After a few days in Kyoto, my sister and I met up with our cousins on a day trip at Nara. We only spent a few hours in Nara, before heading to Osaka.

Nara is famous for their deer park next to Todai-ji (Buddhist temple), where there is literally deer everywhere!! You can pet them, and buy deer crackers to feed them. Just be careful not to get head-butted by a deer!

We went to Izasa, a sushi restaurant in Yume-Kaza Plaza, just around the temple.

I ordered the Izasa Tempura Set (¥1,680), which had 5 pieces of kakinoha sushi and izasa sushi with assorted tempura, sesame tofu, and Miwa somen.

My cousin ordered the Yoshino Set (¥1,680), which had 9 pieces of kakinoha sushi and izasa sushi with tempura Miwa somen.

One of Nara’s specialty foods is kakinoha sushi, or persimmon leaf sushi. In the above photo, it is the leaf wrapped sushi in the upper right. Unfortunately I was too hungry and forgot to take a photo of the sushi, unwrapped!

A specialty born of Nara’s long history and favorable climate is kaki-no-ha zushi (persimmon leaf sushi). A local dish of southern Nara, it consists of vinegared rice topped with mackerel or salmon and wrapped in a persimmon leaf. The aroma of the persimmon leaf gives the sushi a mellow flavor.


Another specialty from Nara is Miwa somen, which we had served in a cold broth with tamago, kamaboko, and mushroom.

Originally known as mugi-nawa (“wheat strings”), noodles have been produced for more than 1,200 years in the Miwa area (present-day Sakurai City). High-quality wheat flour is made into dough, then stretched to form noodles no more than 1 mm thick. In winter, the snow-white noodles can be seen drying outside on special racks in the cold, dry air.

Japan’s Tasty Secrets

Sakuri city in Nara prefecture is said to be the birthplace of Somen. Traditional production methods are still used there today; Kneading well after mixing flour, salt and water, then adding a bit of vegetable oil, flour, or rice flour over the dough.
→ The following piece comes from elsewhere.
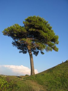 hoge boom, bomen, boom, een, eenzaam, hoog, landschap, lang

Finally, the dough is stretched, flattened and let to dry.

For cold Somen, after washing the hot Somen with cold water with ice to cool them completely, you dip your noodles into a salty sauce made of soy sauce, fish or seaweed broth and sweet sake. You may then add chopped green onion, ginger paste, sesame, myoga (Japanese ginger), seaweed, Oba (perilla) and so on. You can also add a pickled salty plum to give a refreshing after taste as well. Different regions use different vegetables as toppings for the dish.